Takeaway. We’ve shown a defensible advantage in-sim. Bigger claims demand multi-qubit ARLiT passes and (eventually) hardware trajectories.


Visualization & Operator-Facing UI

10.1 Evidence Panels (time-series, CIs, effect sizes)

Evidence Panel = what ships to reviewers and operators:

  • Time-series stack: (F(t)) overlays for Arm-L/R (still blinded), thin lines, no smoothing; QFI subplot optional.

  • Delta distribution: violin or histogram of ({\Delta_s}) with mean/median markers.

  • BCa CI tile: large, unmissable: (\bar\Delta), BCa 95% CI, (p), (d_z).

  • Refusal strip: green when clean; shows exact codes if tripped.
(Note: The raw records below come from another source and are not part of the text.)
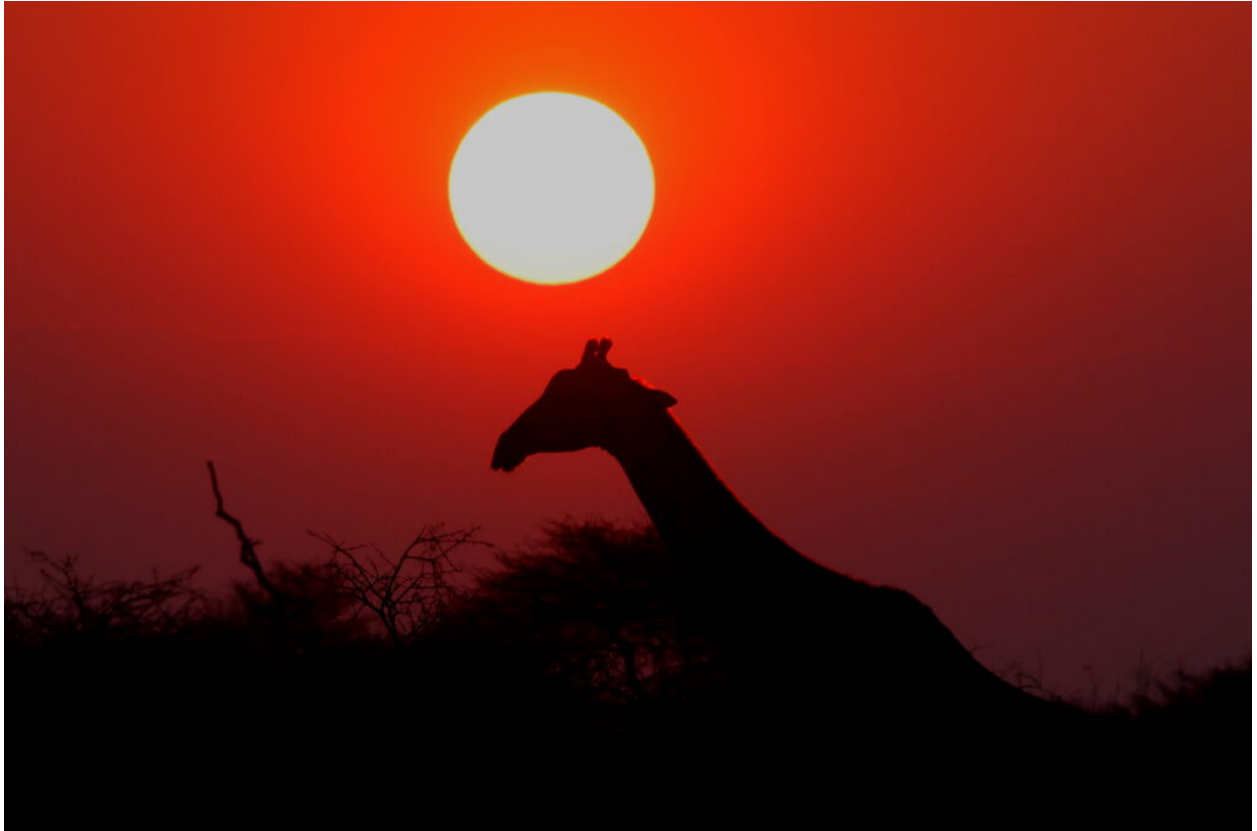
Etosha NP sunset
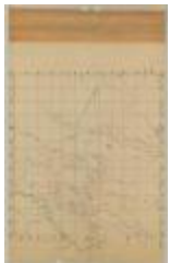
Totten and Crossfield's Purchase, Township 40 showing Raquette Lake. Map #503A (NYSA_A0273-78_503A)
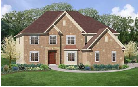
Cypress - A • 4,101 sq. ft.
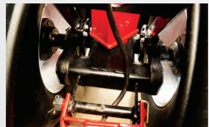
Front torsion suspension
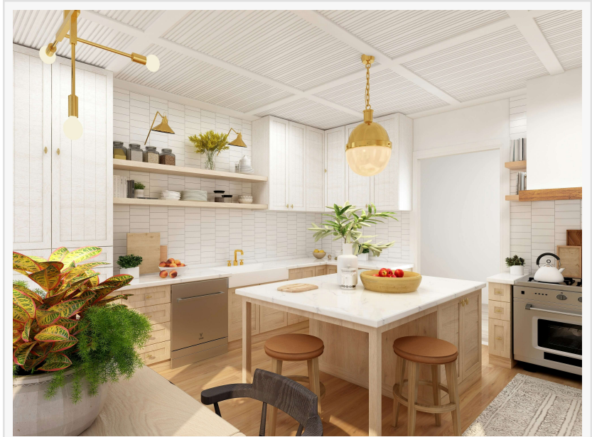
Kitchen Counter Restoration

/EINPresswire.com/ -- Sherman Oaks, a vibrant neighborhood known for its bustling business district and serene residential areas, is witnessing a remarkable transformation. The rise of specialized stone restoration services has significantly enhanced the aesthetic and structural integrity of local homes and businesses. The community is experiencing firsthand the benefits of professional stone restoration in Sherman Oaks , a service that not only rejuvenates the appearance of stone surfaces but also extends their longevity.
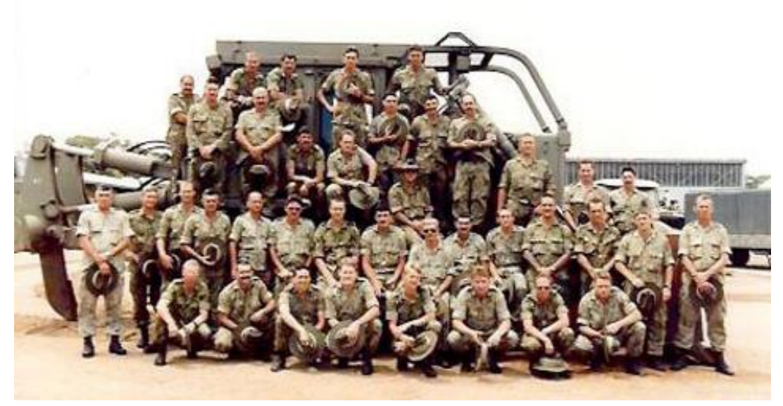
1990 Plant Troop
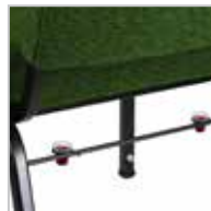
COMMUNION CUP HOLDER
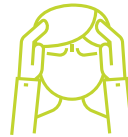
Drug & Alcohol Services
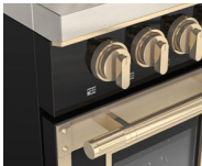
F4EIR486BR1-BK GLOSSY BLACK RAL 9004
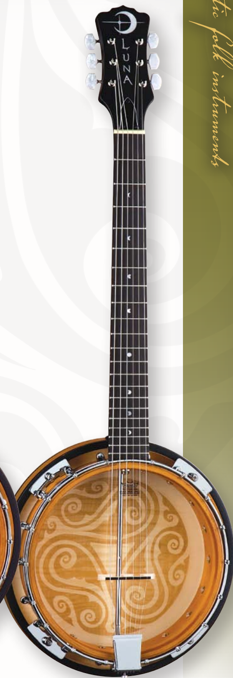
6-STRING TRINITY BANJO
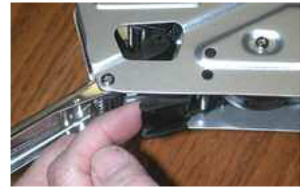
Pull down on the forward part of the printbase. This will open the path for the labels to pass through

  • Provenance footer: engine/validator versions, seeds, hashes (truncated), units.

Rules:

  • Plots are re-rendered from CSV, never from in-memory arrays.

  • Axis units printed; zero lines shown; no chart junk.

  • Blinding preserved in all visuals; unblinding happens after verdict serialization.


10.2 A/B Race HUD and “kid-friendly” narratives (what it actually shows)

What it is. Split-screen Race to (\tau): two line traces start at (t=0) and “race” to fidelity (F=\tau) (checkered flag at (\tau=0.99) by default).

What it shows (truthfully):

  • Time-to-threshold comparison under fixed physics and locked numerics.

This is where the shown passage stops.